(Beginning of Material for this exercise)

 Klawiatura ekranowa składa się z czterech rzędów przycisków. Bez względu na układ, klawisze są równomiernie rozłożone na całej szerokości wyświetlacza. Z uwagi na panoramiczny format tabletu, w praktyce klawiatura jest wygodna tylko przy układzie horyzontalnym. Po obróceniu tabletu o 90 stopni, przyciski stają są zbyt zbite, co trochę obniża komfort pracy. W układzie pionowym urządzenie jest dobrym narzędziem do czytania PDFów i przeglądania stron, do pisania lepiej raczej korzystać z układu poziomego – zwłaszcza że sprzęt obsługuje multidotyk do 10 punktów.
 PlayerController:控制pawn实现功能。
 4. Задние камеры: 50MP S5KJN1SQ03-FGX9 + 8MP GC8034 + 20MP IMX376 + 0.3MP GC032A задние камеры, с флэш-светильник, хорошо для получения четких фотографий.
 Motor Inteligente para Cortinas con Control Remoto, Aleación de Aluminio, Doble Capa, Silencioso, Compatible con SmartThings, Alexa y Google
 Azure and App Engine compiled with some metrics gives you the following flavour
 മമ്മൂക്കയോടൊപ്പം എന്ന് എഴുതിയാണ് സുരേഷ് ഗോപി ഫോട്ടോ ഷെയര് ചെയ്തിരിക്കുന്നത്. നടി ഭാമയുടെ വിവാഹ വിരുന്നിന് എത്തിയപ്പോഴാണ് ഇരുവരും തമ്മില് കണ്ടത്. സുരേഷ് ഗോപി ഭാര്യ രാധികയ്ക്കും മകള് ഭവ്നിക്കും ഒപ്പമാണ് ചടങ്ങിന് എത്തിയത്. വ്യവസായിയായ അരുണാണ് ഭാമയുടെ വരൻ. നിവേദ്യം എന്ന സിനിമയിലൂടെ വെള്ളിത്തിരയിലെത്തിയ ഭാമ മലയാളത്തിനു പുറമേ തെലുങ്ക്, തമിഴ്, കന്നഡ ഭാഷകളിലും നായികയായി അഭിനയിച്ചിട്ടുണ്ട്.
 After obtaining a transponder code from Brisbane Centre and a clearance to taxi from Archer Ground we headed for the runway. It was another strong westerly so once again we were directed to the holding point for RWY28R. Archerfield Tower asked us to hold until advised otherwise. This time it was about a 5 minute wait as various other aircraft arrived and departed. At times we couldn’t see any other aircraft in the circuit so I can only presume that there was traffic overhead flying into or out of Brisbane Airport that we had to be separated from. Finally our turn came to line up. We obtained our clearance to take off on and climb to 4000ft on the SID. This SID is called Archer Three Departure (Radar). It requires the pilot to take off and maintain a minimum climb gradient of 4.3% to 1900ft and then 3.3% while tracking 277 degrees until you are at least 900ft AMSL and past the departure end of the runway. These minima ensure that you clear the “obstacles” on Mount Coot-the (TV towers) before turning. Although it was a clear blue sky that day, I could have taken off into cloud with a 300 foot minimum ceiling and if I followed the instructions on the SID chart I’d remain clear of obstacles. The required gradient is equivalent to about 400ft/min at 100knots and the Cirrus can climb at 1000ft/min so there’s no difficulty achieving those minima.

(End of Material for this exercise)

» **Try it**
Begin with the line that contains "Azure and App" and end with the last line of the data. Repeat those two lines and all between them exactly.

» **Written answer**
 Azure and App Engine compiled with some metrics gives you the following flavour
 മമ്മൂക്കയോടൊപ്പം എന്ന് എഴുതിയാണ് സുരേഷ് ഗോപി ഫോട്ടോ ഷെയര് ചെയ്തിരിക്കുന്നത്. നടി ഭാമയുടെ വിവാഹ വിരുന്നിന് എത്തിയപ്പോഴാണ് ഇരുവരും തമ്മില് കണ്ടത്. സുരേഷ് ഗോപി ഭാര്യ രാധികയ്ക്കും മകള് ഭവ്നിക്കും ഒപ്പമാണ് ചടങ്ങിന് എത്തിയത്. വ്യവസായിയായ അരുണാണ് ഭാമയുടെ വരൻ. നിവേദ്യം എന്ന സിനിമയിലൂടെ വെള്ളിത്തിരയിലെത്തിയ ഭാമ മലയാളത്തിനു പുറമേ തെലുങ്ക്, തമിഴ്, കന്നഡ ഭാഷകളിലും നായികയായി അഭിനയിച്ചിട്ടുണ്ട്.
 After obtaining a transponder code from Brisbane Centre and a clearance to taxi from Archer Ground we headed for the runway. It was another strong westerly so once again we were directed to the holding point for RWY28R. Archerfield Tower asked us to hold until advised otherwise. This time it was about a 5 minute wait as various other aircraft arrived and departed. At times we couldn’t see any other aircraft in the circuit so I can only presume that there was traffic overhead flying into or out of Brisbane Airport that we had to be separated from. Finally our turn came to line up. We obtained our clearance to take off on and climb to 4000ft on the SID. This SID is called Archer Three Departure (Radar). It requires the pilot to take off and maintain a minimum climb gradient of 4.3% to 1900ft and then 3.3% while tracking 277 degrees until you are at least 900ft AMSL and past the departure end of the runway. These minima ensure that you clear the “obstacles” on Mount Coot-the (TV towers) before turning. Although it was a clear blue sky that day, I could have taken off into cloud with a 300 foot minimum ceiling and if I followed the instructions on the SID chart I’d remain clear of obstacles. The required gradient is equivalent to about 400ft/min at 100knots and the Cirrus can climb at 1000ft/min so there’s no difficulty achieving those minima.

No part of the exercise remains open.